Active learning strategies for bioinformatics teaching

The more I read about how active learning techniques improve student learning, the more I am inclined to try out such techniques in my own teaching and training.

I attended the third week of Titus Brown’s “NGS Analysis Workshop”. This third week entailed, as one of the participants put it, ‘the bleeding edge of bioinformatics analysis taught by Software Carpentry instructors’ and was a unique opportunity to both learn different analysis techniques, try out new instruction material, as well as experience different instructors and their way of teaching.
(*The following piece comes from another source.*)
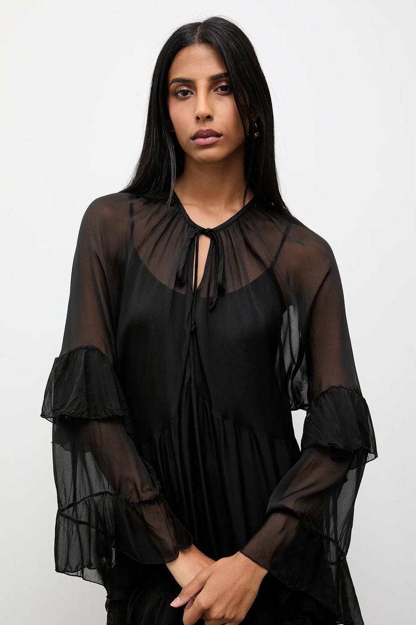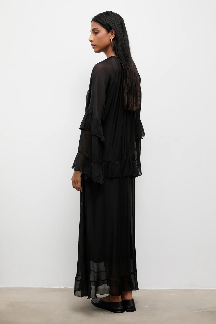 Answear.LAB sukienka z jedwabiem kolor czarny maxi prosta

On top of that the group was just fantastic to hang out with, and we played a lot of volleyball.

I demonstrated some of my teaching and was asked by one of the students for references for the different active learning approaches I used. Rather then just emailing her, I decided to put these in this blog post.

The motivation of turning to active learning techniques is nicely summarised in a post on the ‘communications of the ACM’ blog entitled “Be It Resolved: Teaching Statements Must Embrace Active Learning and Eschew Lecture”. I highly recommended reading it and checking out the references mentioned. I am by no means an expert in the area, and simply am learning by doing. I have no ways to measure whether the techniques I use are beneficial, but student responses strongly encourage me to keep applying them. My teaching is also very much influenced by my being a Software Carpentry instructor.

The following describes what I do in the de novo genome assembly module of the ‘High Throughput Sequencing technologies and bioinformatics analysis’ course I organise (link to materials). I used part of that module for the NGS Analysis Workshop (link).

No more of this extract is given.